The big problem with back pressure is that it works against the second requirement of an exhaust pipe which is to dissipate heat. Anything which prevents the waste heat from the engine getting away will make the engine run hotter – not what we want at all! So you can see that exhaust designers have to balance on the one hand the need for noise reduction and on the other the detrimental effect it will have on the engine and what you end up with is necessarily a compromise.
Fuel tank pressurisation
One last function of the exhaust is that of pressurising the fuel tank. Some form of pressure take-off nipple is either screwed into or welded onto the exhaust and a length of silicon tube connects it to the fuel tank. The slightly higher pressure in the exhaust pressurises the tank and pushes fuel into the carburettor. This arrangement is not ideal because the pressure will vary with engine speed but it’s okay for most purposes and if you really want perfection then there are various gadgets that you can buy to regulate the fuel pressure.
Types of exhaust
As far as a helicopter pilot is concerned, exhaust pipes can be divided up into three types. These are mufflers/silencers; tuned pipes; and hybrids.
Mufflers - A muffler consists of three elements – a manifold, an exhaust chamber and an outlet pipe. The manifold attaches the exhaust to the engine and should therefore match the type of engine you have although it is possible to buy adapters. On almost all designs of muffler the manifold attaches to the side of the chamber (rather than to the end) which creates a compact arrangement. Occasionally they are provided as separate parts with different designs to suit various engine/model types. For example, sometimes they are available as either straight or 90û versions which can be very handy when space is tight inside a scale model.
The chamber is either a simple void or may have some form of baffle arrangement inside to increase the internal surface area and absorb some of the sound energy. The outlet pipe is just that – not exactly space-age technology – just a tube of metal. The important characteristic that separates mufflers from tuned pipes is that they do little or nothing to improve the performance of the engine – they simply make it quieter.
Tuned pipes - A tuned pipe consists of a tubular manifold or header pipe, an expansion chamber and an outlet pipe. The header pipe which is nearly always a separate part is made in such a way that the exhaust gasses encounter no sharp bends on their way to the expansion chamber. Compared to a muffler, expansion chambers are generally longer and thinner, often making them rather awkward to fit to a helicopter. Now for the clever bit…
The expansion chamber can be considered as having three sections – the diffuser, the dwell section (or belly) and the cone (or convergent section). As the exhaust port in the engine begins to crack open, the gasses inside the combustion chamber are forced out into the exhaust pipe. This creates a wave of pressure which travels down the header pipe and into the diffuser where it is allowed to expand creating a wave of low pressure to be reflected back down to the exhaust port. This effect, aided by the force of new fuel/air mixture entering from the engine’s inlet port, helps to scavenge the combustion chamber of waste gas, effectively sucking it into the exhaust pipe.

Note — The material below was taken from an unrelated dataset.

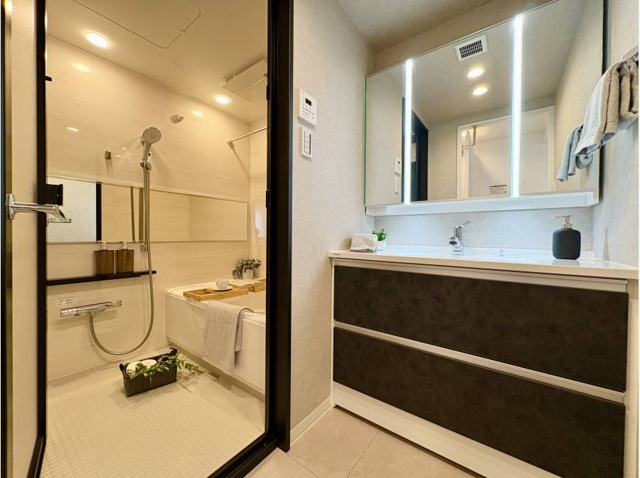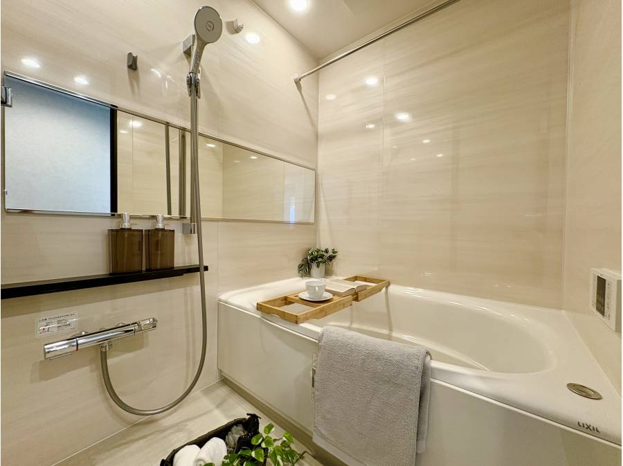 リフォームでは、クリナップ製の食洗機付きシステムキッチンやリクシル製の換気乾燥暖房機付きユニットバスなど、最新設備が導入されています。さらに、専有部分内の給湯・給水・排水管も新規交換されており、細部まで安心して暮らせる仕様です。

But that’s only half the story. That wave of high pressure that was travelling along the expansion chamber eventually hits the convergent section of the pipe and is reflected back down towards the engine. If the timing is right, the wave hits the exhaust port just as it is closing prior to the next compression. Normally a little fuel/air mixture is drawn with the exhaust all the way through the combustion chamber and starts to enter the header pipe just as the high pressure wave hits it. This gets pushed back again by the pressure wave, rather like a supercharger.

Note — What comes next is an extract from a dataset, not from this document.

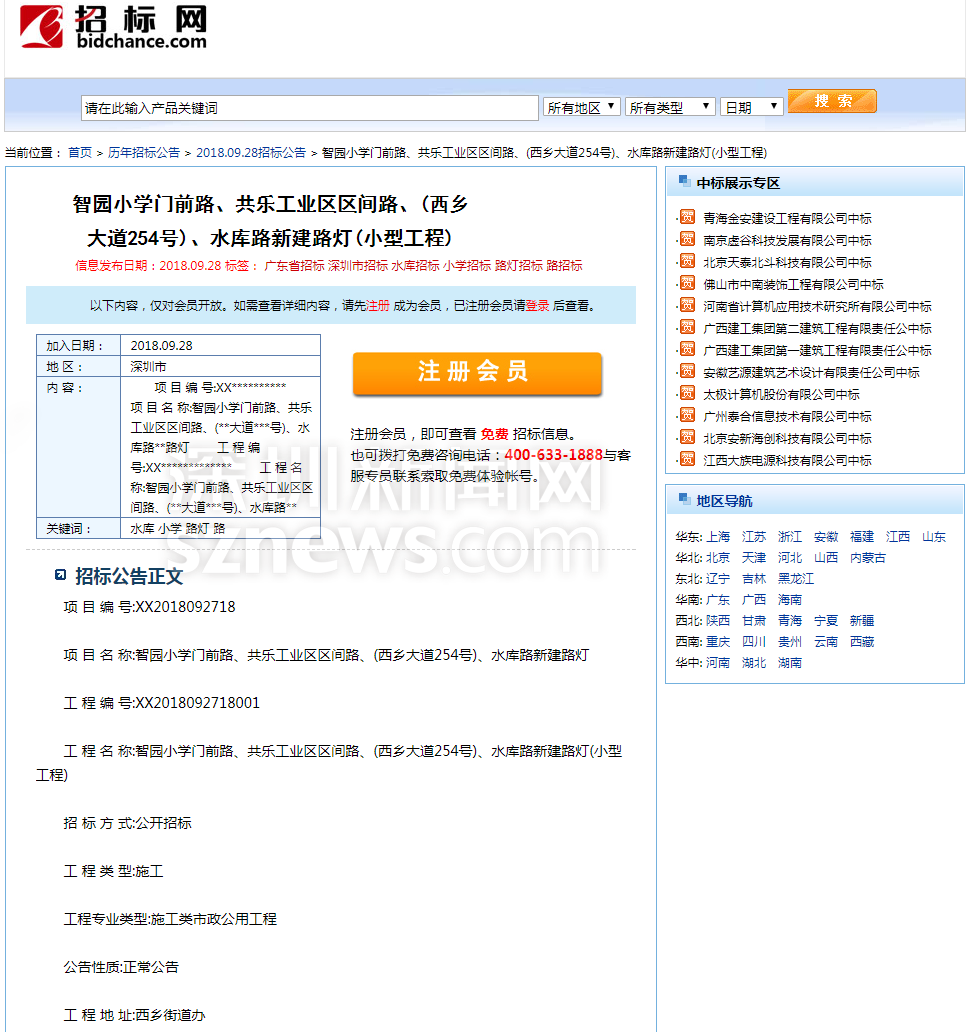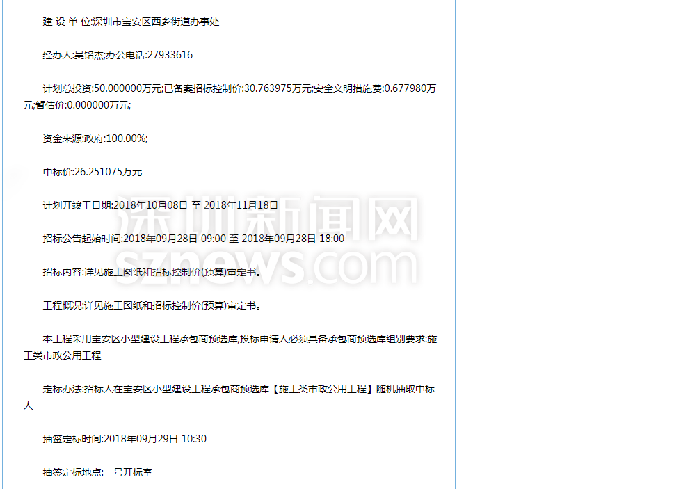 针对网友反映的情况,记者查阅相关资料发现,宝安智园小学门前的施工工程于2018年9月28日公开招标。

As you may have guessed, the problem with the principle of the expansion chamber is that the timing has to be right otherwise it doesn’t work. The pressure wave inside the exhaust pipe travels at a certain speed and if its journey along the pipe and back again is too short then the engine won’t scavenge properly – too long and the supercharging effect will be lost. Clearly, expansion chambers have to be exactly the right length to work properly for a given RPM. In other words they have to be tuned, which is where the name ‘tuned pipe’ comes from and it’s exactly the same principle as tuning an organ pipe. So in simple terms we can see that for any given engine speed there will be an ideal length of pipe – longer for low revving engines and shorter for higher revving engines. This is quite convenient because it means that the larger models, which tend to run at lower revs, tend to need the longer exhausts! Ideally, a pilot will adjust the length of the header pipe to best suit the engine he is using. This can be achieved either by cutting it or by adjusting the length of the connector – usually a length of high temperature silicone tubing.

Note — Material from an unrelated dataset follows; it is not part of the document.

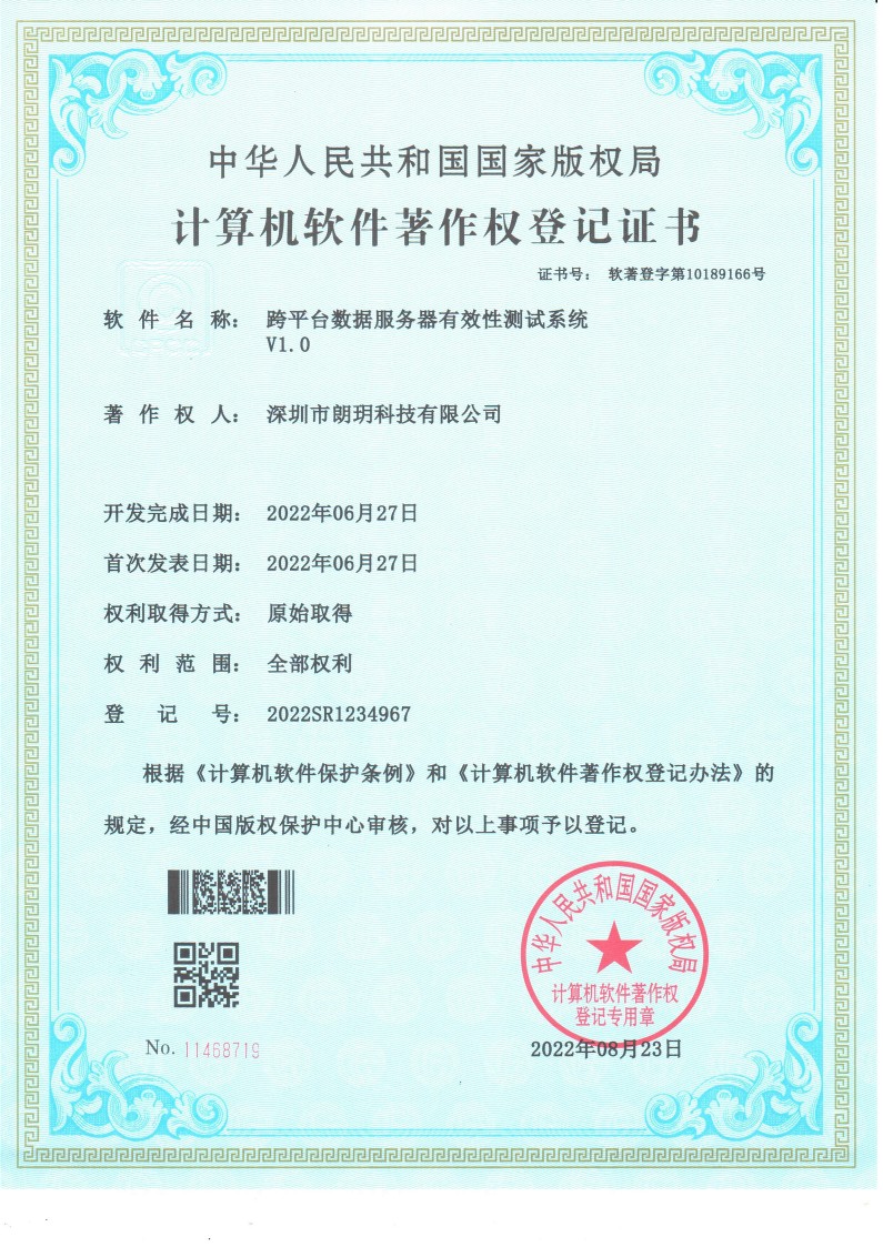 朗?科技一举通过国家双软认证,通过了由国家信息产业部、信息产业厅、深圳科技工贸和信息化委员会的软件企业认定;(证书编号:深R-2011-0254),同时成功荣获软件产品登记证书(证书编号:深DGY-2011-1268)。

Although tuned pipes offer the most overall power, the fact that they work best at a specific engine speed RPM can be a disadvantage, especially for helicopters. Imagine a situation where the pilot suddenly adds a lot of collective pitch to make the helicopter rise rapidly into the air. The load on the engine will increase which will cause a drop in revs and if this moves it away from the ideal engine speed for the tuned pipe then it will cause a drop in power making the engine slow down even more. This becomes a chain reaction and the engine power can drop off alarmingly. A way to partially counteract this effect is to run the engine speed slightly higher than the optimum speed so that as the engine loads up during aggressive manoeuvres its speed drops into a range where there is more power rather than less.
Hybrids - The last type of pipe to mention is the hybrid which attempts to make the best of both worlds, incorporating some of the tuned characteristics of an expansion chamber with the compact arrangement and forgiving nature of the muffler. This has been achieved most successfully in recent years by Curtis Youngblood’s ‘Muscle Pipes’. These are ingeniously designed to be similar to a tuned pipe internally except that the length of the expansion chamber is wrapped up inside itself. This reduces has the advantage of retaining a little of the tuned nature whilst being compact and easy to mount.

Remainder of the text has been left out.